After they’d ended the hug at the San Francisco hospital, Vida had handed Salem a book of Emily Dickinson’s poems. “I got it from home.”

Home. Salem wondered what that even meant anymore. She had stared at the book. An envelope was sticking out of it, marking the poem “Tell all the truth but tell it slant.” Inside the envelope was a handwritten note from Daniel Wiley.

Dearest Salem,

I’m writing this note because I fear the Hermitage has discovered my betrayal and will not let me live much longer. Grace and Vida won’t stop your training or their work—they can’t, there’s too much at stake—but our hope is that they can protect you and Isabel from knowing about and subsequently being called into the web. If
you’re reading this, that means that they couldn’t. I love you more than the moon and earth, Bits. Everything I did, I did for you. You’re stronger than you know.

—Dad

Reading the note knocked the wind out of Salem. Everything had been a lie—when her parents had met, how her father had died, what kind of people they were. She cried, mourning the loss of her father all over again, except this time it was his real death. She had to do it at Bel’s bedside, not sure if her best friend would ever wake up again.

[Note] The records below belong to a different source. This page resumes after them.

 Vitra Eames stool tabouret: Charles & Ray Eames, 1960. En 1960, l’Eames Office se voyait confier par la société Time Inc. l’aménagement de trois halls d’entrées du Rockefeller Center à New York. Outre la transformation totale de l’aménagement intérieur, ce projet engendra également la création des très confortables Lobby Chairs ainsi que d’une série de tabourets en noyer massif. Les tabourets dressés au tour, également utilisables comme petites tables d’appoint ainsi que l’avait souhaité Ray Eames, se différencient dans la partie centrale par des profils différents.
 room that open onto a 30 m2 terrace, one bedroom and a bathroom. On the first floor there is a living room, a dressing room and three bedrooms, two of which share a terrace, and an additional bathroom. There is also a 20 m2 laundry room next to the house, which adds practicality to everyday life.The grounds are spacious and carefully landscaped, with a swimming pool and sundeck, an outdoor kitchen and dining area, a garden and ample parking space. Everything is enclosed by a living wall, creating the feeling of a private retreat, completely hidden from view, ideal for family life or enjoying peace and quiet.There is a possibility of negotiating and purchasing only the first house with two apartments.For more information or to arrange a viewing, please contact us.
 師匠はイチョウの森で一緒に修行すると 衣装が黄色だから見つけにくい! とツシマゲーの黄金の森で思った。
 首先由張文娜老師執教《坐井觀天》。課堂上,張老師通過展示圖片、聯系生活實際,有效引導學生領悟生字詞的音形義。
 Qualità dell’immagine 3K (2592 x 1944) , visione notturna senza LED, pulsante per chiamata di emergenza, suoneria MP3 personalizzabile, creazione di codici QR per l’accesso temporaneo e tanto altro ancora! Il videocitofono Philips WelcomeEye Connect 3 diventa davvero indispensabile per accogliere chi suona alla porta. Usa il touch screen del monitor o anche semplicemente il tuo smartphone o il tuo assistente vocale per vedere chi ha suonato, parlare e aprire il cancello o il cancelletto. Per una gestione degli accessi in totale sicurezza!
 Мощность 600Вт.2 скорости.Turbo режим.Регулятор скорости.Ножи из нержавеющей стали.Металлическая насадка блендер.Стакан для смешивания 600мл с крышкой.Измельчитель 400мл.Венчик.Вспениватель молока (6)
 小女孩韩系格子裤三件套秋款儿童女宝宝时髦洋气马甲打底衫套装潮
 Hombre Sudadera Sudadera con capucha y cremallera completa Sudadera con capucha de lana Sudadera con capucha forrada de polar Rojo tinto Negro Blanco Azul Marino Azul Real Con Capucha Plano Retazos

You’ll understand one day was all her mother had said before leaving to help Lu.

“She’ll be okay, I think.” Salem wiped away the fresh tears on her cheeks.

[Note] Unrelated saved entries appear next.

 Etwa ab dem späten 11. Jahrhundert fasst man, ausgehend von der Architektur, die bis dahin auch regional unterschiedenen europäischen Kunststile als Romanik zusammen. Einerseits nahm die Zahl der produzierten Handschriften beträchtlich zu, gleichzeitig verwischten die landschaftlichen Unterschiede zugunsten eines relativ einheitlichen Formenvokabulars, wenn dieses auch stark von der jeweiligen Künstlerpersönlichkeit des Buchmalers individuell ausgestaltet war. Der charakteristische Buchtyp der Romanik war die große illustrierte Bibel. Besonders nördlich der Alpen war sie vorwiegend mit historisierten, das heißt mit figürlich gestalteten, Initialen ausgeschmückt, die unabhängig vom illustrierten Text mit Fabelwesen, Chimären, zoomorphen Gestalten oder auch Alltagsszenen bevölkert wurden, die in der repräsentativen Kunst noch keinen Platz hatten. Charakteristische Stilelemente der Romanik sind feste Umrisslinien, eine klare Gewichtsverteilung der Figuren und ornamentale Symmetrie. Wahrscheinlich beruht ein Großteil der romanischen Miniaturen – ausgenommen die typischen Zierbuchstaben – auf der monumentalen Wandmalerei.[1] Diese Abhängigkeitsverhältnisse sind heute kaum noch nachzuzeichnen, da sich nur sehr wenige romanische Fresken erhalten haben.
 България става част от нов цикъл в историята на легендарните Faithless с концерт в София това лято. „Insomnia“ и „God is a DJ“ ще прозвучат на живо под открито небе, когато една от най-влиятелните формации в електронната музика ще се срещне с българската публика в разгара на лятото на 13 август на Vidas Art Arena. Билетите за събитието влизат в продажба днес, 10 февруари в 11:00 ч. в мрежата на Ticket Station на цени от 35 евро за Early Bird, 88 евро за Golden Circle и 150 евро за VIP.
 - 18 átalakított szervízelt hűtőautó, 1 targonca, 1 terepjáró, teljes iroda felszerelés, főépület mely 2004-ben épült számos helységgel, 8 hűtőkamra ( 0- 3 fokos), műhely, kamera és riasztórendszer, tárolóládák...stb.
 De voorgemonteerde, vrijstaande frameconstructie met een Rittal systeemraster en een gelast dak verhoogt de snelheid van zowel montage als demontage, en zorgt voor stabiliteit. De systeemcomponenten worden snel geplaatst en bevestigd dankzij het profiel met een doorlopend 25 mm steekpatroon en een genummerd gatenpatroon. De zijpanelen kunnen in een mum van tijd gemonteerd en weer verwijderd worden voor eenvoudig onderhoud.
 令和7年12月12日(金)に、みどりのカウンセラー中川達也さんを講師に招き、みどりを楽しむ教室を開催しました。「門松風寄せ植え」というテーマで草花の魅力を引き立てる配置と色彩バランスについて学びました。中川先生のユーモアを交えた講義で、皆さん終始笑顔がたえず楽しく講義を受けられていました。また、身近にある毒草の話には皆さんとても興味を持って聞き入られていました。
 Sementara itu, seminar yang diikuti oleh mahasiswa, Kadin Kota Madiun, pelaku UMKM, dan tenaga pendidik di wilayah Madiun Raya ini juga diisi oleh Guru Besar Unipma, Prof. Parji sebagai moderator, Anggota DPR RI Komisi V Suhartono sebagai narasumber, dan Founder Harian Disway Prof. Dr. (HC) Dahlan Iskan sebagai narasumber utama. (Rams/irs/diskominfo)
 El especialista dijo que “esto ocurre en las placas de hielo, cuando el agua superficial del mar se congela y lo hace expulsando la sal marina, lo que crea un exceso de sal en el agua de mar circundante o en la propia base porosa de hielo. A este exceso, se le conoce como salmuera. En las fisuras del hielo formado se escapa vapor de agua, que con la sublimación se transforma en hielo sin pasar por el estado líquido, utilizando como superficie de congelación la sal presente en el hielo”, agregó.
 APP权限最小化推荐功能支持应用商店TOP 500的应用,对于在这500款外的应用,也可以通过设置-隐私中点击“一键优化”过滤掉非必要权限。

Bel tried to get herself on her elbows. “What happened to you on the island?”

Salem drew a ragged breath. She’d played the scene out in her mind every day since. “Connor was there. The Hermitage had sent him to give me a sedative, I guess, and then toss me over the side. I got away from him and made my way into the back of the catering tent, where I saw that creep putting poison into teacups.”

Salem blinked a few times to clear her vision. “I also saw you get shot.”

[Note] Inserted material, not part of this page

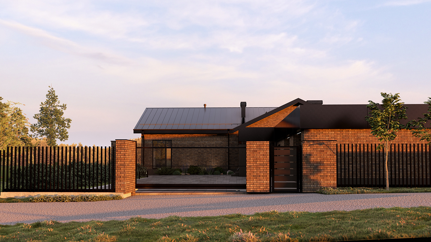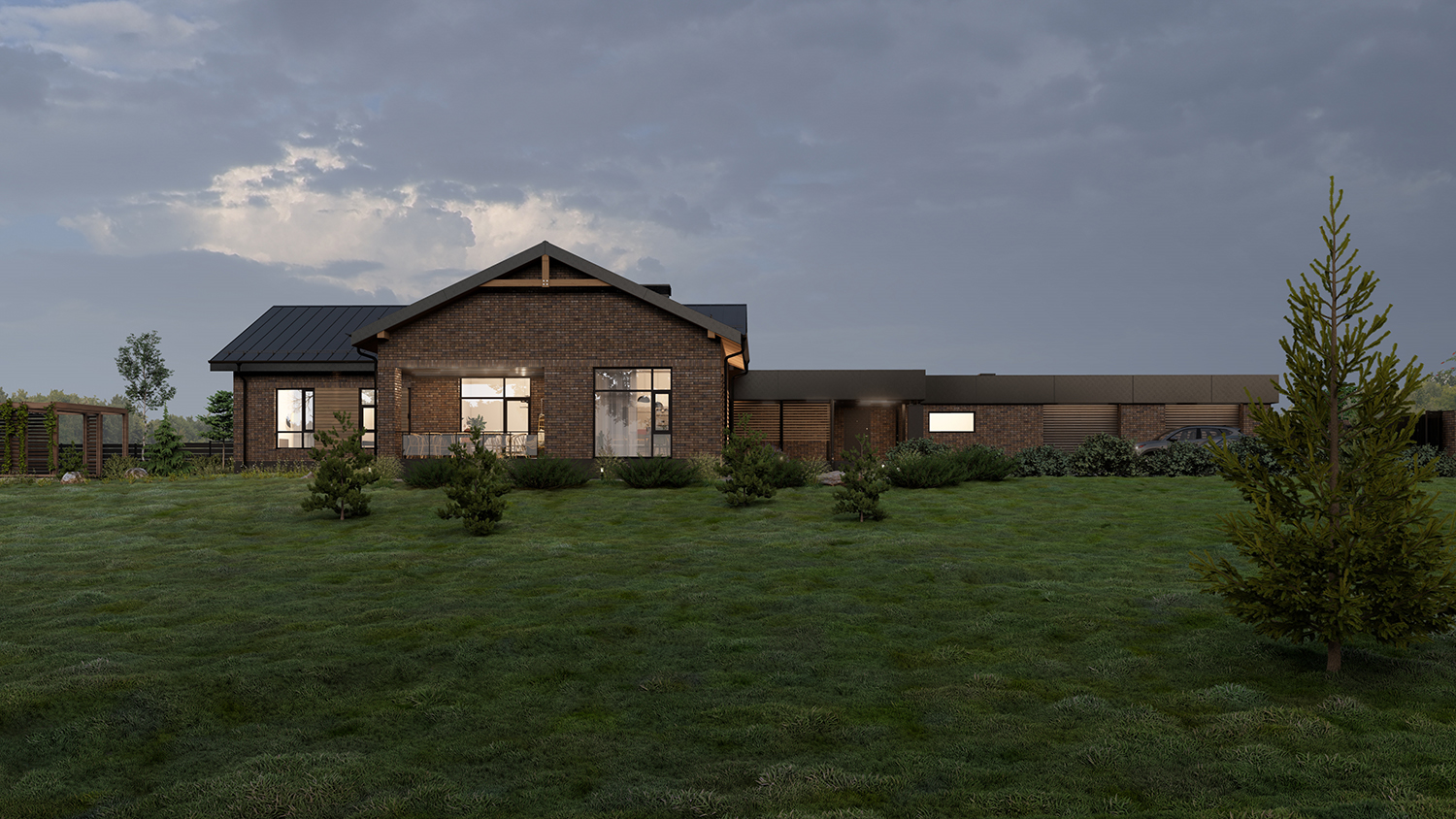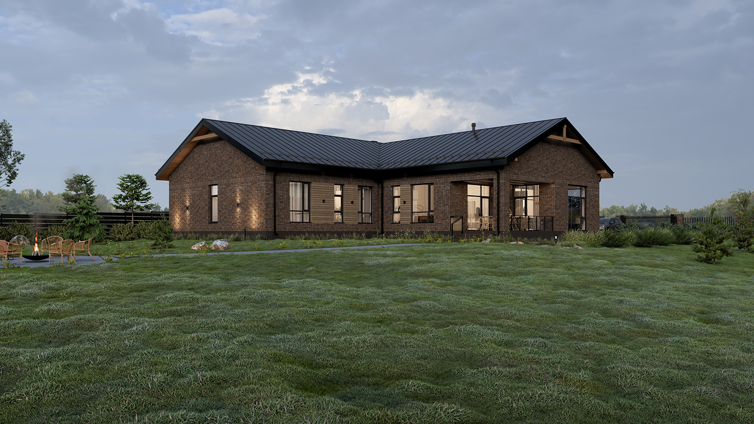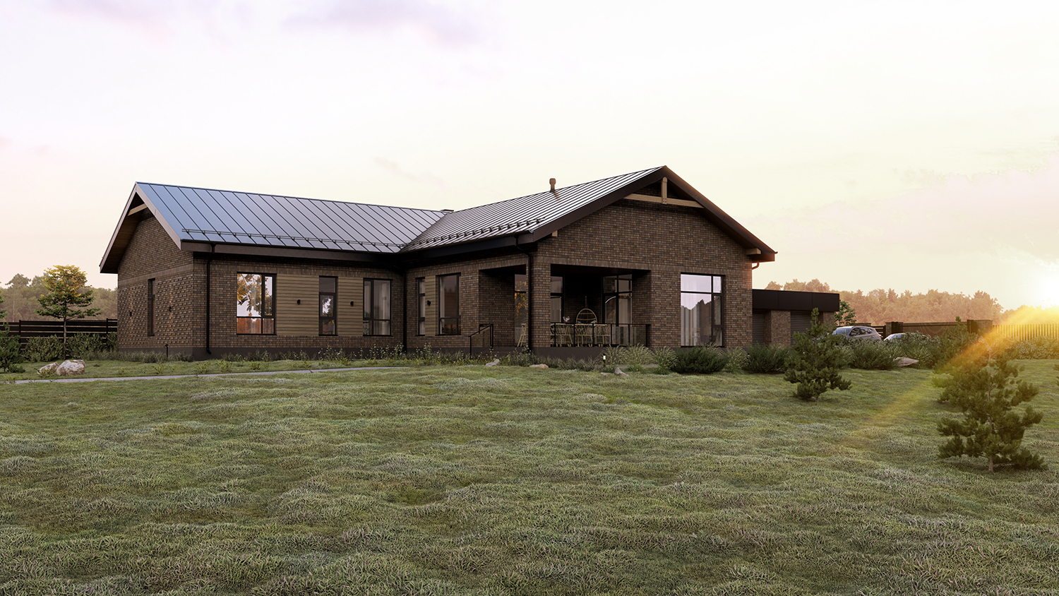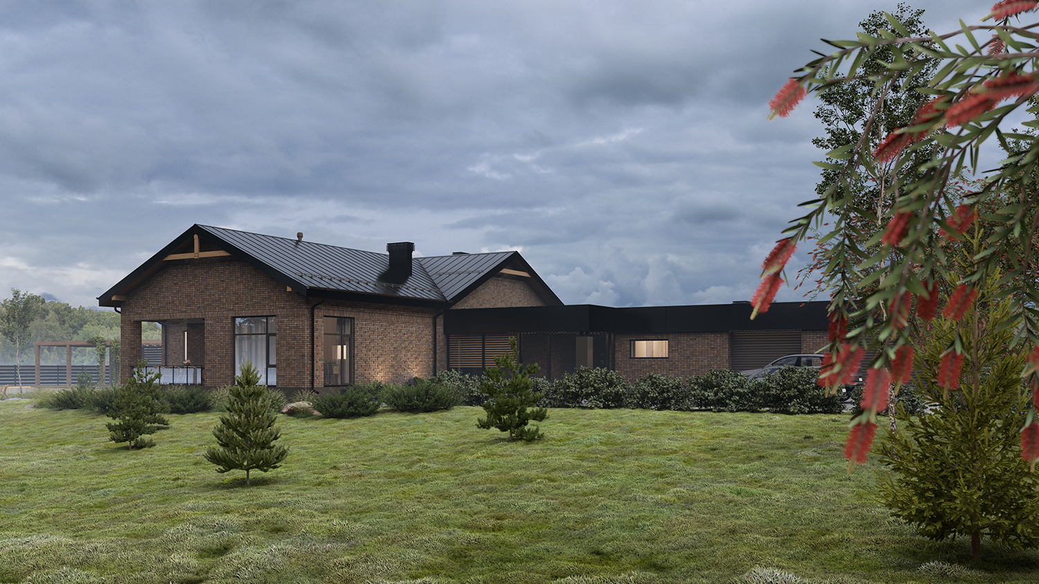 Дом расположен на рельефном участке, и основными видами открыт на нижележащие просторы.

“Whose bullet did I take?”

“The fat-fingered man who dislocated your shoulder outside the mission. The same man who forced my dad to take sleeping pills and walk into a lake. His ID was a dead-end. Secret Service has knocked a lot of heads but no one will tell how he got on the island or where he got his gun. His first bullet missed its mark. You took the second one.”

Bel’s cheek twitched.

“You were in surgery for seven hours.” Salem’s voice was husky. “The doctors say you’re lucky to be alive.”

“What happened to him after he got off the second bullet?”

“Agent Clancy Johnson—the Ed Harris guy—shot him. The headlines called him a hero, second only to you in his fast-acting courage. He didn’t do any interviews, though. Agent Stone said he took an early retirement.”

“You still haven’t told me what happened to you,” Bel said.

Salem sighed. “I woke up here, under guard. Thanks to Agent Stone, I was reclassified from attempted assassin to victim, which meant I could talk the agents into checking the teacups. They found traces of Polonium 201 in three of them. They didn’t catch the man who put it in there.”

Bel pulled Salem down into her arms and held her tight.

For the first time in two weeks, Salem felt safe.

The doctor walked in minutes later, a huge smile on his face. “Isabel Odegaard, you’re something of a miracle.”

A rumble like a train sounded outside. “What is that?” Bel asked, not releasing Salem.

“Your people.” The doctor walked to the wall-mounted television set and powered it on, tuning the channel to CNN. The lead story was a crowd of people outside of a hospital. This hospital. “The world has been praying for the woman who saved the first female president of the United States of America. They’ve just been informed that you’re awake.”

The ticker-tape banner across the bottom of the screen confirmed his words. The chanting outside turned to a roar that echoed back against itself. Bel let go of Salem’s arms but kept a hold of her hand.

The doctor strode over to feel the lymph nodes at Bel’s neck. “You two ladies have become a media sensation with all of your skullduggery. You make quite the team.”

Salem stroked Bel’s beautiful cheek.

Connor’s body floated ashore later that evening, nibbles of flesh removed by the sea. Salem still couldn’t muster any feeling one way or another about that. She was sure that’d catch up with her.

And she knew she could handle it when it did.

With Bel at her side, she could handle anything the world served up.